The correlated subquery with LIMIT 1 prevents duplicates a priori. So you don't need the expensive DISTINCT ON for the big table.
```
(SELECT keyfield
 FROM   extractkeyfield 
 WHERE  messageid = m.messageid
 LIMIT  1)
```
In Postgres 9.3+ you can also use a LATERAL join. Detailed explanation:
- Optimize GROUP BY query to retrieve latest record per user
Select, count and limit rows from your main table before you join to additional tables. That's what happens in my subquery m. Else you do a lot of additional work just to throw it away later.
You shouldn't need more work_mem with the fixed query. That was a side effect of the needless DISTINCT step for > 1M rows. Check for lines mentioning "Disk" in connection with "sort" in the EXPLAIN output of the new query.
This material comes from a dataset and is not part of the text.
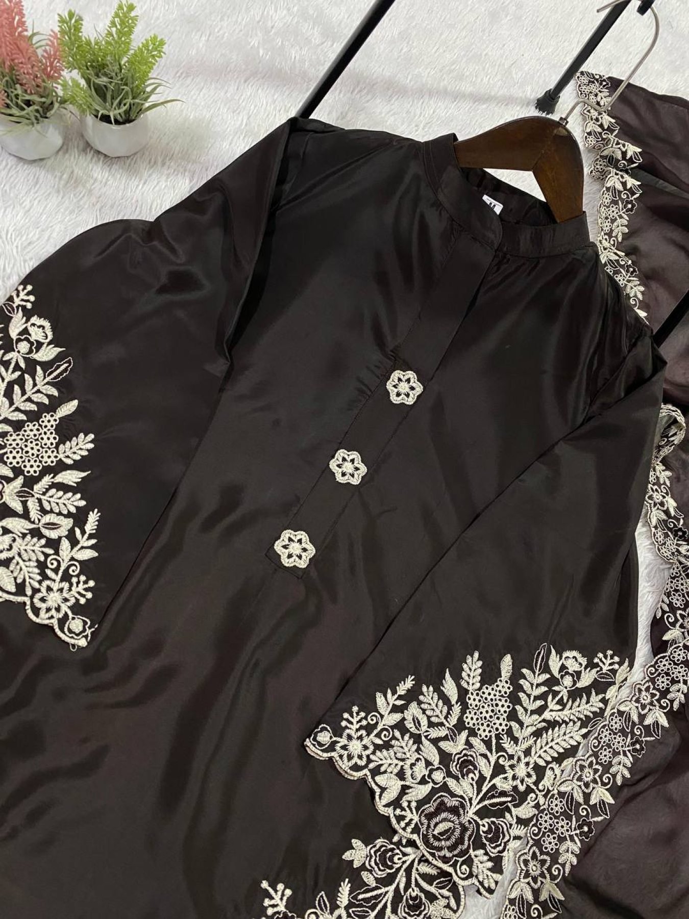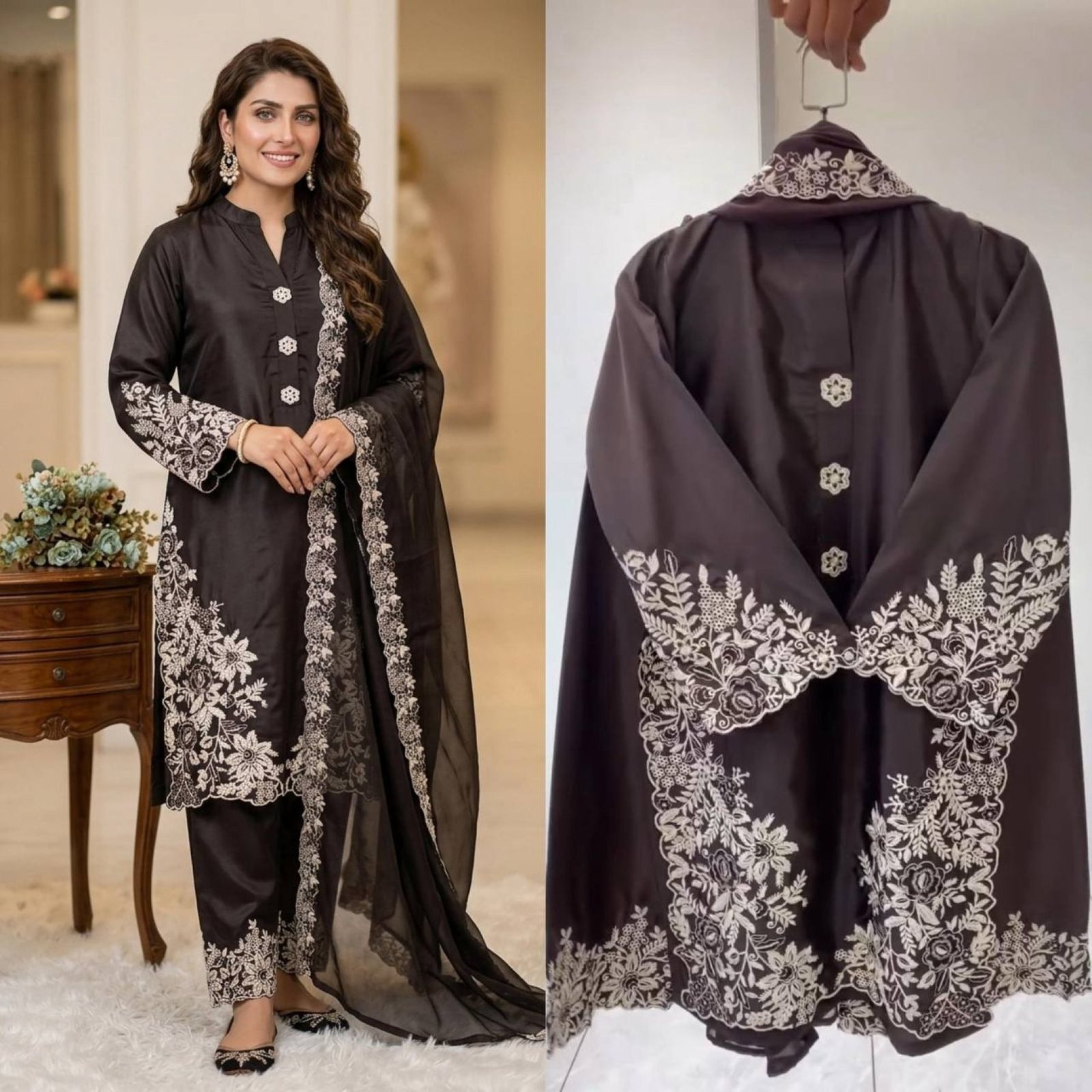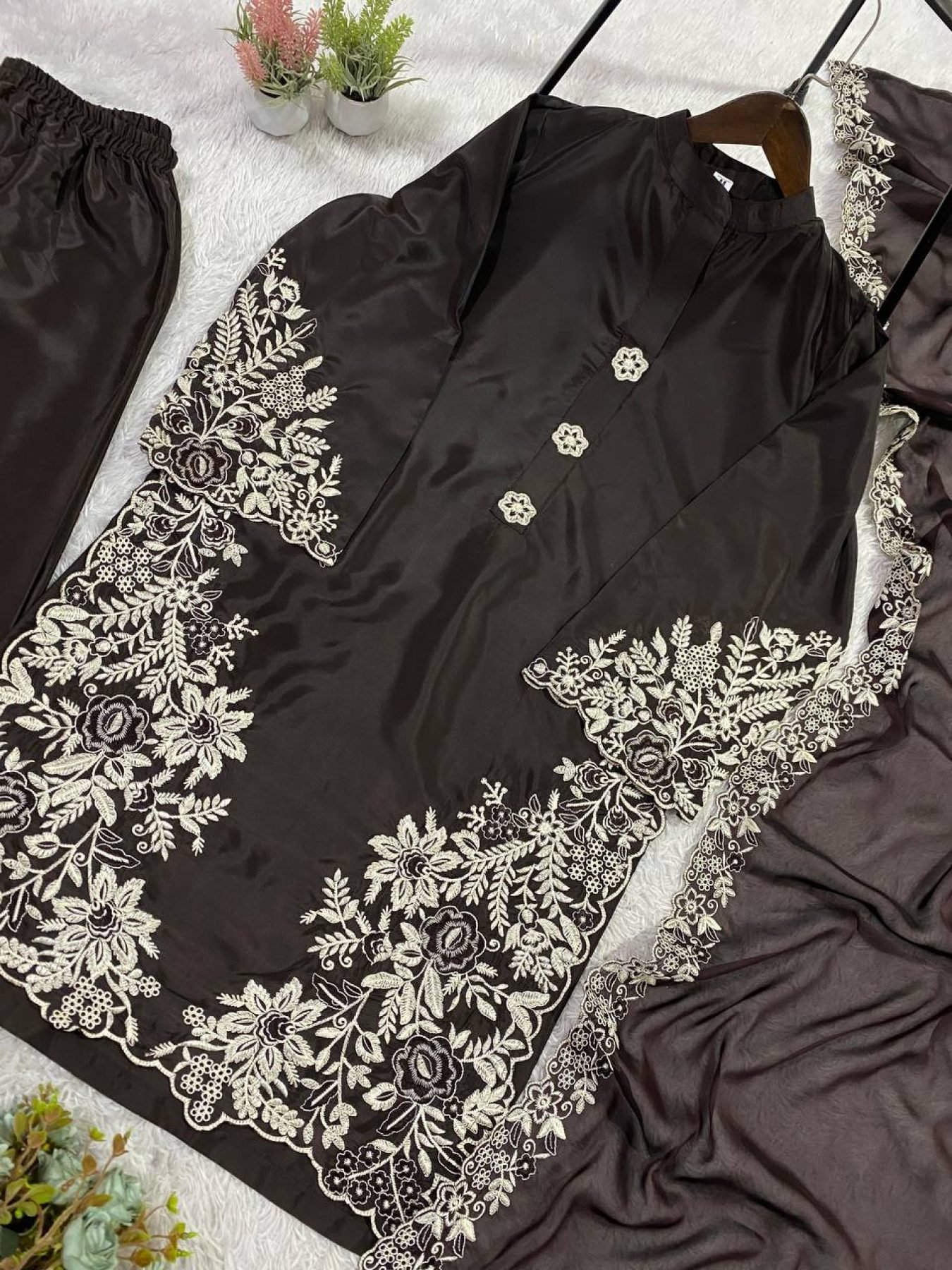 Elegant Pakistani-style crape silk suit set with beautiful embroidery work, paired with matching plazzo and soft organza dupatta. Perfect for festive wear, parties, and wedding occasions.

I modified your predicate for the time range:

WHERE  messagetime >= timestamp '2015-01-01 03:40:50'  -- incl. lower bound
AND    messagetime <  timestamp '2016-04-01 03:35:10'  -- excl. upper bound

Consider the explanation:

PostgreSQL splitting time range into days

Your column messagetime can be NULL. Careful with descending sort order! I made that:
```
ORDER  BY messagetime DESC NULLS LAST
```
Details:
- Select first row in each GROUP BY group?

Aside: your table definitions can probably be improved. Among other things, varchar(255) is an unlikely candidate for a PK. And I suspect some of your many indexes might not be used. But that's beyond the scope of this question.